All of lore.kernel.org
 help / color / mirror / Atom feed
From: Roman Penyaev <rpenyaev@suse.de>
To: Jason Baron <jbaron@akamai.com>
Cc: akpm@linux-foundation.org, linux-kernel@vger.kernel.org,
	Alexander Viro <viro@zeniv.linux.org.uk>, Heiher <r@hev.cc>,
	Khazhismel Kumykov <khazhy@google.com>,
	Davidlohr Bueso <dbueso@suse.de>,
	stable@vger.kernel.org
Subject: Re: [PATCH] epoll: ensure ep_poll() doesn't miss wakeup events
Date: Sun, 03 May 2020 12:24:30 +0200	[thread overview]
Message-ID: <f3c2e63ec34a611ec256785ebfd39270@suse.de> (raw)
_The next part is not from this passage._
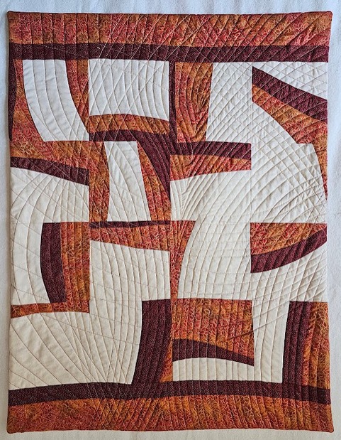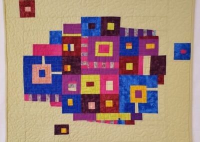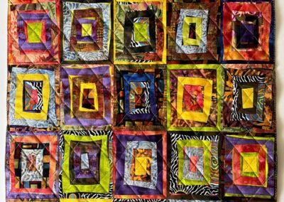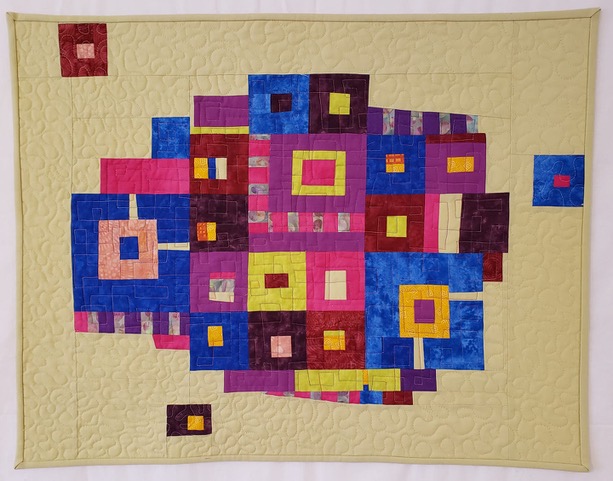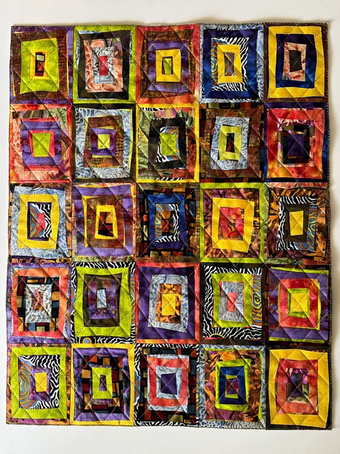 This quilt was begun in a Cindy Grisdela Zoom workshop on improv piecing in March of 2021. The striped sections were actually trimmings from another small quilt. Although they weren’t part of the workshop plan, I decided to use them in this improv log cabin design. I challenged myself to work with fabrics that I had in my scrap bin or stash and had fun “letting loose!”

In-Reply-To: <81612721-9448-83fa-4efe-603996d56b9a@akamai.com>

On 2020-05-02 00:09, Jason Baron wrote:
> On 5/1/20 5:02 PM, Roman Penyaev wrote:
>> Hi Jason,
>> 
>> That is indeed a nice catch.
>> Seems we need smp_rmb() pair between list_empty_careful(&rp->rdllist) 
>> and
>> READ_ONCE(ep->ovflist) for ep_events_available(), do we?
>> 
> 
> Hi Roman,
> 
> Good point, even if we order those reads its still racy, since the
> read of the ready list could come after its been cleared and the
> read of the overflow could again come after its been cleared.

You mean the second chunk? True. Sigh.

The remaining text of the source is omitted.